The main clinical indicators of concern included CTnT, RR, SPO2, T, ALB and K. The bagging model and logistic regression model had better diagnostic performance comprehesively. Those may be conducive to the early identification of critical patients with fever by physicians.

摘要

背景

发热是急诊患者最常见的主诉。早期识别出死亡风险增加的患者,可能避免不良结局。本研究旨在通过大数据技术提取关键指标,建立发热患者致命不良预后的早期预测模型。

方法

采用中国人民解放军总医院急诊急救数据库进行回顾性研究。患者分为预后不良组和预后良好组。比较常用的临床指标。采用递归特征消除(RFE)方法确定纳入变量的最佳数量。在训练模型中,选择逻辑回归、随机森林、自适应增强和袋装法。我们还收集了 2018 年 12 月至 2019 年 12 月的急诊室数据,纳入和排除标准相同。通过准确性、F1 分数、精度、敏感性和接受者操作特征曲线(ROC-AUC)下的面积来评估模型的性能。

结果

逻辑回归、决策树、自适应增强和袋装法的准确性分别为 0.951、0.928、0.924 和 0.924,F1 分数分别为 0.938、0.933、0.930 和 0.930,精度分别为 0.943、0.938、0.937 和 0.937,ROC-AUC 分别为 0.808、0.738、0.736 和 0.885。
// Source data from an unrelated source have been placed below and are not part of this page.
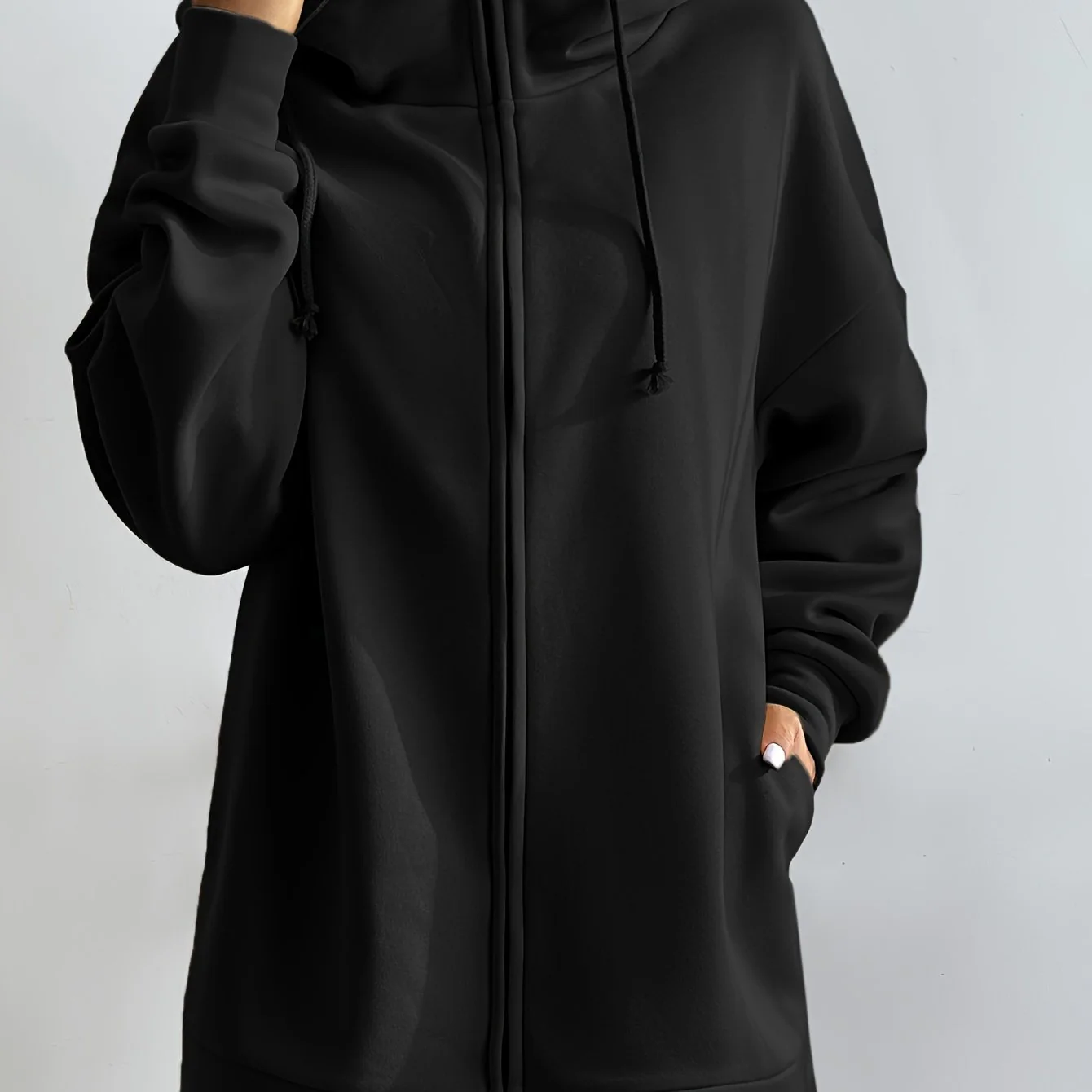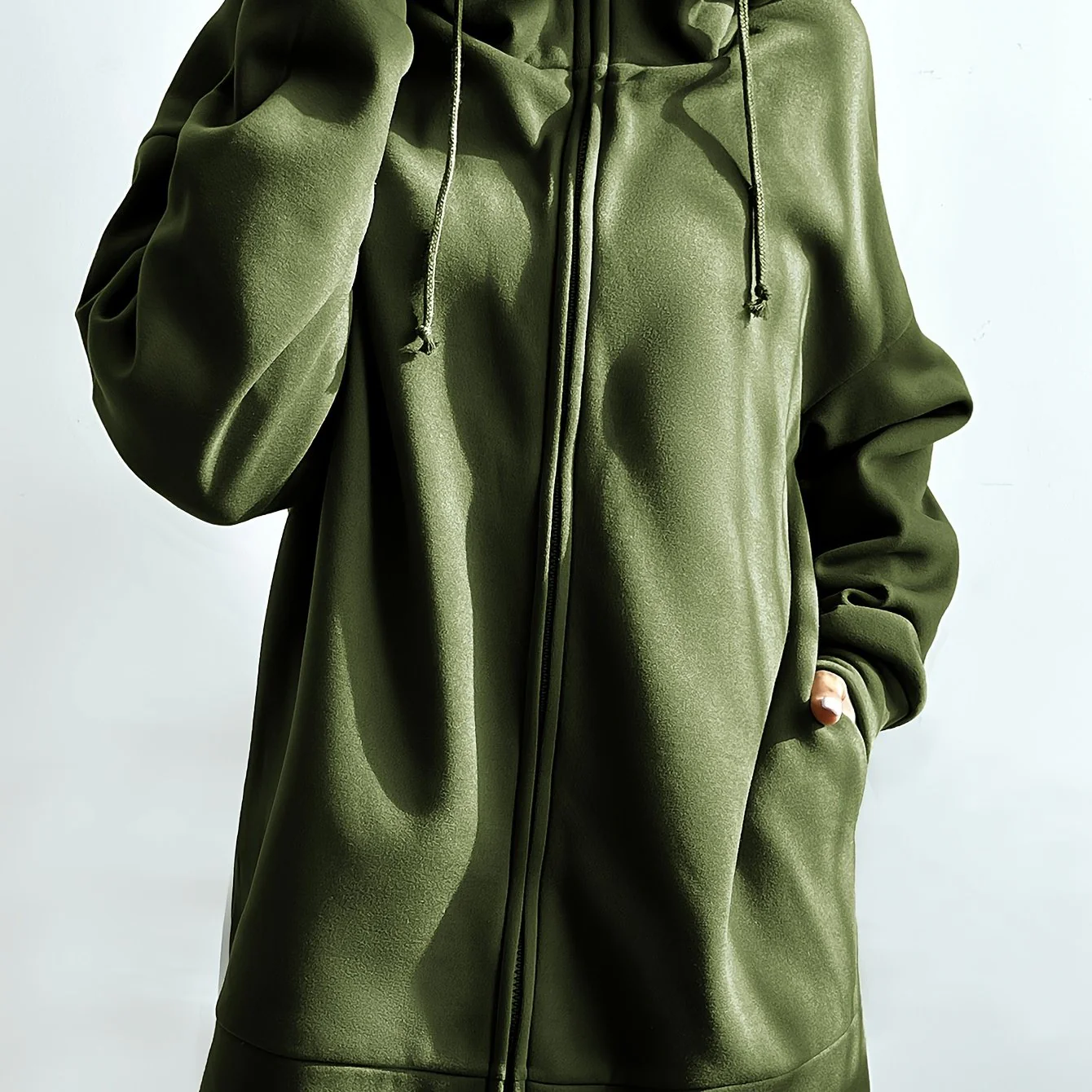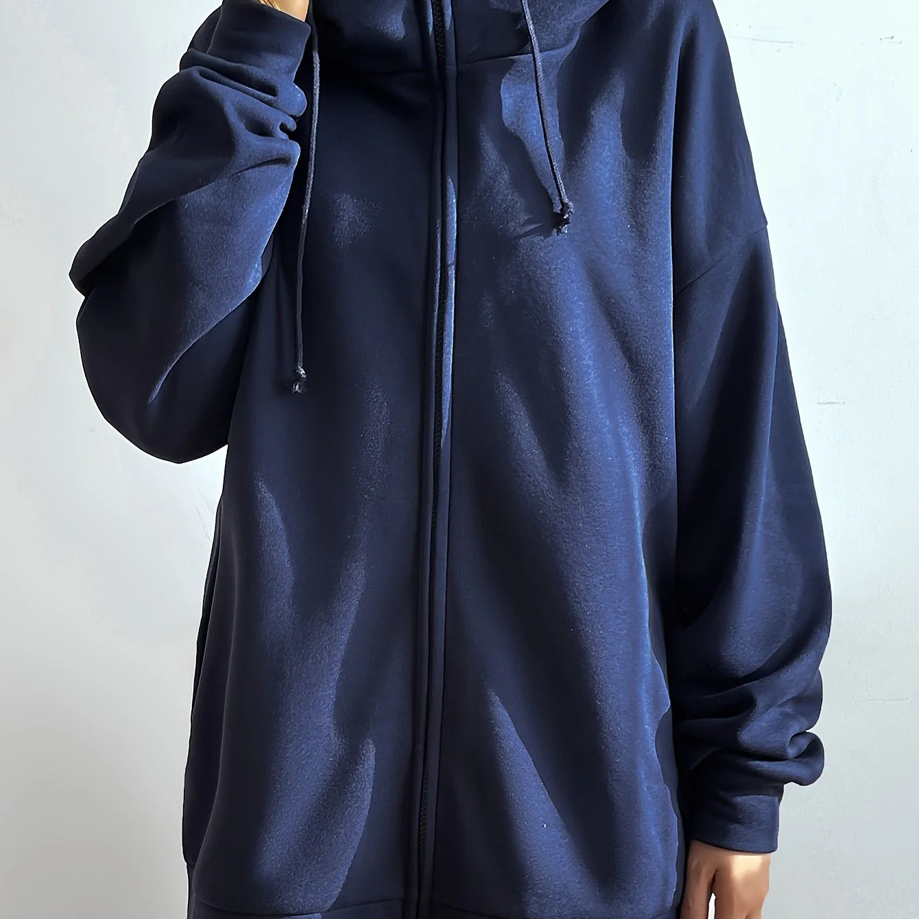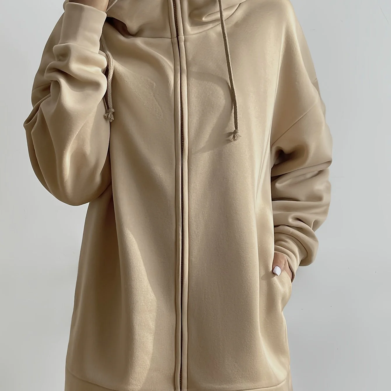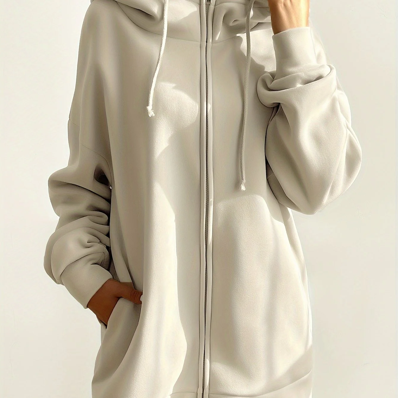 Hooded Casual Sports Fleece Sweatshirt, Solid Color Zipper Up Drawstring Hoodie, Women's Tops
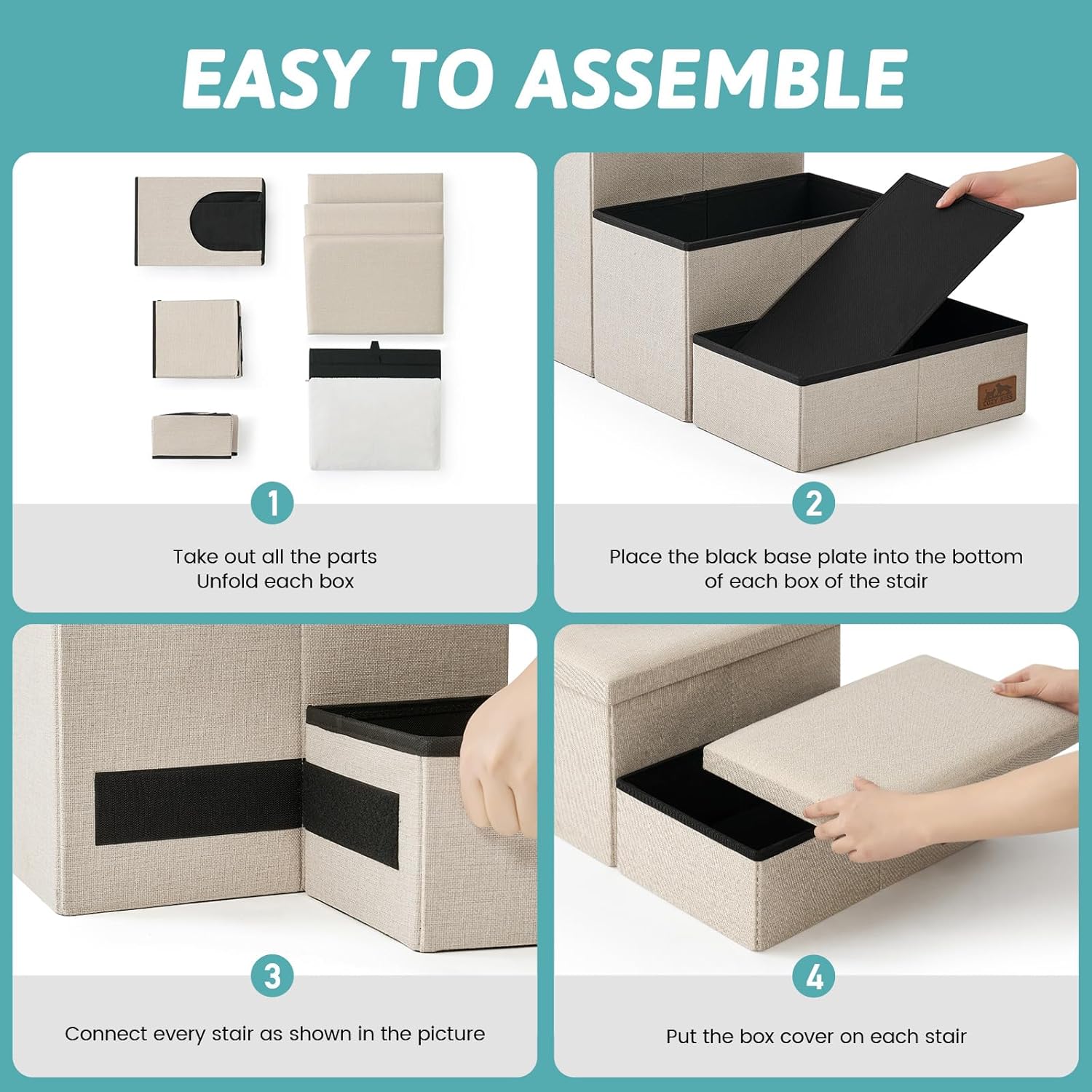 Multi-Functional Design with Hidden Storage: More than just stairs, COZY KISS dog steps feature built-in storage compartments on each level. Keep your pet’s toys, clothes, and blankets neatly organized while saving space. It’s a practical solution for pet lovers who value both convenience and functionality.
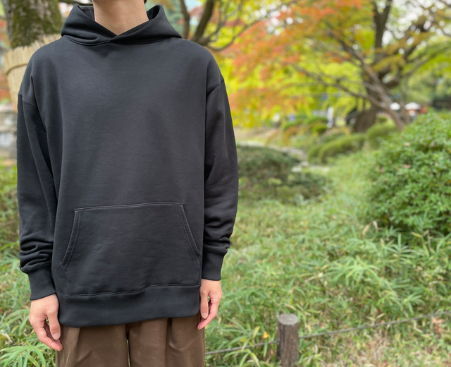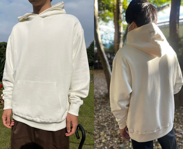 *秋冬向けのフーディーですと、よく裏側が起毛されているタイプ(裏起毛)がございます。暖かく真冬に活躍することは間違いありませんが、裏毛を掻いて毛を立たせるわけであり、むしれたり抜けたりといったデメリットもあるため、プロジェクトメンバーはあまり好まず、裏起毛を今回は採用しておりません。

逻辑回归和袋装模型的十折交叉验证 ROC-AUC 分别为 0.80 和 0.87。逻辑回归中变量的前六个系数和优势比(OR)值为肌钙蛋白 T(CTnT)(系数=0.346,OR=1.413)、温度(T)(系数=0.235,OR=1.265)、呼吸频率(RR)(系数=-0.206,OR=0.814)、血清钾(K)(系数=0.137,OR=1.146)、脉搏血氧饱和度(SPO2)(系数=-0.101,OR=0.904)和白蛋白(ALB)(系数=-0.043,OR=0.958)。袋装模型中前六个变量的权重为:CTnT、RR、乳酸脱氢酶、血清淀粉酶、心率和收缩压。

结论

主要关注的临床指标包括 CTnT、RR、SPO2、T、ALB 和 K。袋装模型和逻辑回归模型的诊断性能综合较好。这些可能有助于医生早期识别发热的危急患者。